### Entries shown
- Opening Delimiter -

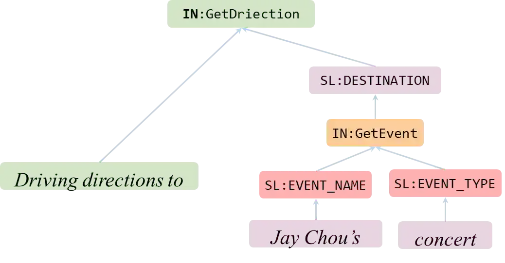 殷鹏程: 随着任务型对话需求的复杂程序逐渐提升,使用语义解析方法来解决传统的任务型对话是一种趋势。在这个方向上,首先我想介绍一下Facebook所提出数据集TOP [7],它的任务要求模型能够层次(Hierarchical)化地理解自然语言,这种层次化理解的难度我认为介于槽位填充(Slot Filling)方法与语义解析方法之间。下图是一个TOP中的示例,它通过定义一种层次化的表示来支持嵌套查询等复杂操作。
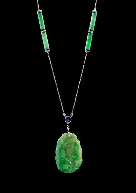 A Chinese Art Deco Jadeite, Platinum, Sapphire and Diamond Necklace
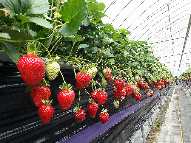 温暖な気候の香川県高松市にあるイチゴ狩り農園。甘くておいしい香川県オリジナル品種の「さぬきひめ」と、全国的に人気の高い「よつぼし」、「かおり野」を、是非とも味わいたい。また、イチゴ畑ではイチゴをふんだんに使用した「イチゴクレープ」「パフェ」「スムージー」などのスイーツも楽しめる。
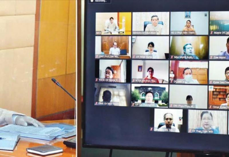 ရန်ကုန်တက္ကသိုလ် နှစ်(၁၀၀)ပြည့် ရာပြည့်သဘင်အခမ်းအနား Virtual Event ဖြင့် အောင်မြင်စွာကျင်းပနိုင်ရေး အကြိုညှိနှိုင်း အစည်းအဝေးကို ယနေ့နံနက် ၁၀ နာရီတွင် ပြန်ကြား ရေးဝန်ကြီးဌာန၊ ပညာရေးဝန်ကြီးဌာနနှင့် ရန်ကုန်တိုင်းဒေသကြီးအစိုးရ အဖွဲ့တို့ ပူးပေါင်း၍ ဗီဒီယိုကွန်ဖရင့် စနစ်ဖြင့် ကျင်းပသည်။
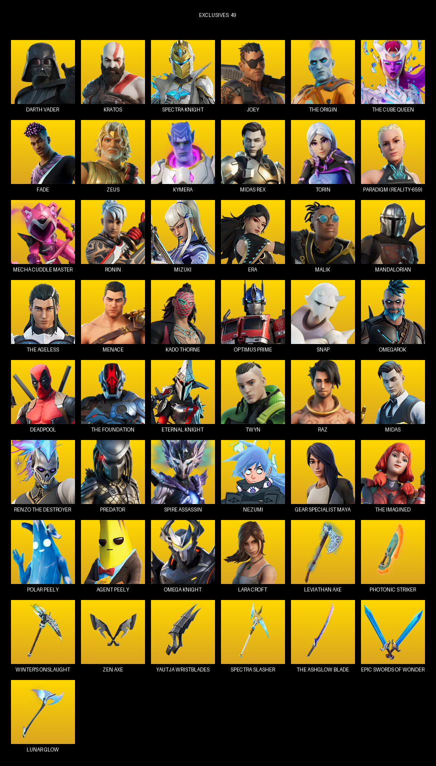 Gear Specialist Maya, Lara Croft, Darth Vader, Kratos, Spectra Knight, Joey, The Origin, Fade, Zeus, Kymera, Midas Rex, Torin, Paradigm (Reality-659), Mecha Cuddle Master, Ronin, Mizuki, Era, Malik, Mandalorian
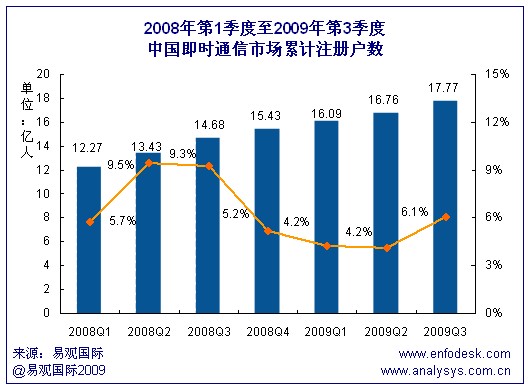 根據(jù)易觀國際Enfodesk產(chǎn)業(yè)數(shù)據(jù)庫即將發(fā)布的《2009年第3季度中國即時(shí)通信市場(chǎng)季度監(jiān)測(cè)》數(shù)據(jù)顯示,2009年第3季度中國即時(shí)通訊市場(chǎng)累計(jì)注冊(cè)賬戶數(shù)達(dá)到17.77億,環(huán)比增長6.1%,同比增長21%。
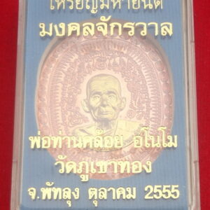 เหรียญมหายันต์ มงคลจักรวาล ปี 55 เนื้อทองแดงหน้ากากทองฝาบาตร พ่อท่านคล้อย วัดภูเขาทอง จ.พัทลุง
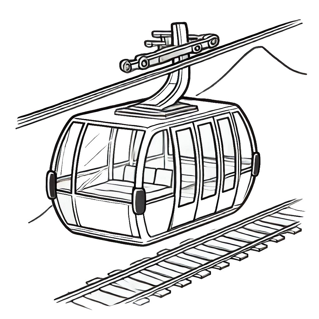 דף צביעה של רכבל - דף צביעה של רכבל להדפסה, ציור של רכבל לצביעה בחינם
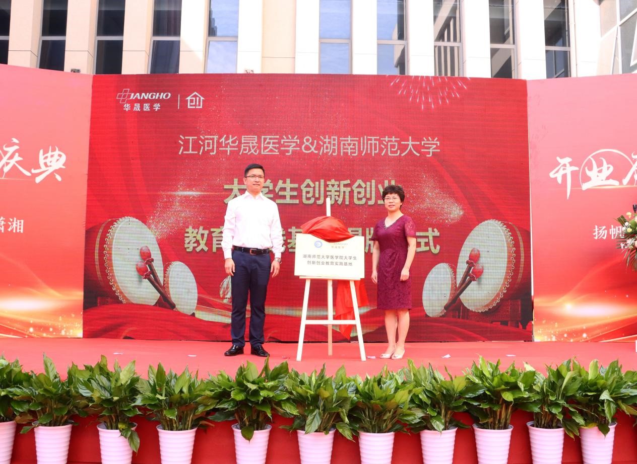 随后,鄢朝晖和陈孔维一起为“江河华晟大学生创新创业教育实践基地”揭牌。鄢朝晖表示:“携手江河华晟医学合作共建大学生创新创业实践基地,深刻感受到公司顺应“健康中国”国家战略,对医学检验事业发展的重视程度,同时也看到公司先进的理念、扎实的作风和稳定的市场资源,我们希望通过校企合作、项目主导等有效形式,构建医学生培养的新模式、新机制,使创新创业基地成为培养高层次应用型、复合型、创新型、创业型人才的摇篮,成为我省医学检验行业技术创新、成果孵化转化基地。对合作共建,我们充满信心,对共建的成果充满期待。”
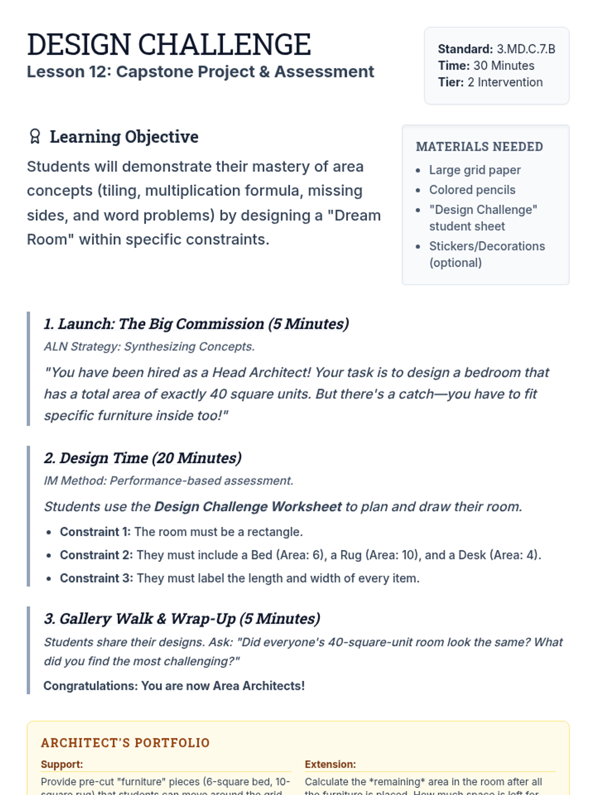 Teacher's guide for the final lesson in the sequence, a cumulative design project where students apply all area concepts to create a "Dream Room" within constraints.
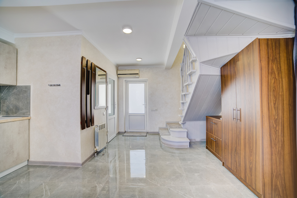 Площадь - 65 кв м. С отдельным входом, предусмотрено размещение до 5 человек. На каждом этаже есть кондиционер. На 1 этаже: диван-кровать, бытовая техника, плита, стиральная машина, посуда, туалетные, банные и гладильные принадлежности, санузел с душевой кабиной. На 2 этаже: двуспальная и односпальная кровать, раскладное кресло, ж/к телевизор, 2 французских балкончика. Уборка и смена постельного белья – раз в пять дней.
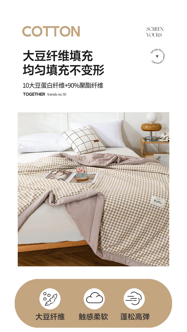 商品名称:森林人 2023新款A类无印风水洗棉大豆夏被 咖小格
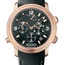 Preowned - 2041B-3630-64B Blancpain Leman. This Men's watch has 40 mm 18K Rose Gold case with fixed bezel. Black dial with gold-tone skeleton sword-shaped hands and Arabic numerals hour marks. Luminescent hands and hour marks. Date display between 4 and 5 o'clock position. Four sub-dials displaying: 60 second, 12 hour, power reserve indicator and alarm. 24 hours second time zone sub-dial is located at the 9 o'clock position. The watch performs following functions: hours, minutes,date, small seconds,30-minute counter and 12-hour counter, time zone, power reserve indicator and alarm. Self-winding mechanical movement is powered by a ?alibre 1241G. Power reserve approximately 40 hours.Case Thickness – 13,3 mm. Case back is transparent .Sapphire crystal protects front and back side of the watch. Black alligator leather strap with deployment clasp.Water resistant at 100 meters.

- Closing Delimiter -

Take the material above from the line bearing "温暖な気候の香川県高松市にあ" through the line bearing "Teacher's guide for" and write it out exactly, both end lines included. Pictures stay out.

 温暖な気候の香川県高松市にあるイチゴ狩り農園。甘くておいしい香川県オリジナル品種の「さぬきひめ」と、全国的に人気の高い「よつぼし」、「かおり野」を、是非とも味わいたい。また、イチゴ畑ではイチゴをふんだんに使用した「イチゴクレープ」「パフェ」「スムージー」などのスイーツも楽しめる。
 ရန်ကုန်တက္ကသိုလ် နှစ်(၁၀၀)ပြည့် ရာပြည့်သဘင်အခမ်းအနား Virtual Event ဖြင့် အောင်မြင်စွာကျင်းပနိုင်ရေး အကြိုညှိနှိုင်း အစည်းအဝေးကို ယနေ့နံနက် ၁၀ နာရီတွင် ပြန်ကြား ရေးဝန်ကြီးဌာန၊ ပညာရေးဝန်ကြီးဌာနနှင့် ရန်ကုန်တိုင်းဒေသကြီးအစိုးရ အဖွဲ့တို့ ပူးပေါင်း၍ ဗီဒီယိုကွန်ဖရင့် စနစ်ဖြင့် ကျင်းပသည်။
 Gear Specialist Maya, Lara Croft, Darth Vader, Kratos, Spectra Knight, Joey, The Origin, Fade, Zeus, Kymera, Midas Rex, Torin, Paradigm (Reality-659), Mecha Cuddle Master, Ronin, Mizuki, Era, Malik, Mandalorian
 根據(jù)易觀國際Enfodesk產(chǎn)業(yè)數(shù)據(jù)庫即將發(fā)布的《2009年第3季度中國即時(shí)通信市場(chǎng)季度監(jiān)測(cè)》數(shù)據(jù)顯示,2009年第3季度中國即時(shí)通訊市場(chǎng)累計(jì)注冊(cè)賬戶數(shù)達(dá)到17.77億,環(huán)比增長6.1%,同比增長21%。
 เหรียญมหายันต์ มงคลจักรวาล ปี 55 เนื้อทองแดงหน้ากากทองฝาบาตร พ่อท่านคล้อย วัดภูเขาทอง จ.พัทลุง
 דף צביעה של רכבל - דף צביעה של רכבל להדפסה, ציור של רכבל לצביעה בחינם
 随后,鄢朝晖和陈孔维一起为“江河华晟大学生创新创业教育实践基地”揭牌。鄢朝晖表示:“携手江河华晟医学合作共建大学生创新创业实践基地,深刻感受到公司顺应“健康中国”国家战略,对医学检验事业发展的重视程度,同时也看到公司先进的理念、扎实的作风和稳定的市场资源,我们希望通过校企合作、项目主导等有效形式,构建医学生培养的新模式、新机制,使创新创业基地成为培养高层次应用型、复合型、创新型、创业型人才的摇篮,成为我省医学检验行业技术创新、成果孵化转化基地。对合作共建,我们充满信心,对共建的成果充满期待。”
 Teacher's guide for the final lesson in the sequence, a cumulative design project where students apply all area concepts to create a "Dream Room" within constraints.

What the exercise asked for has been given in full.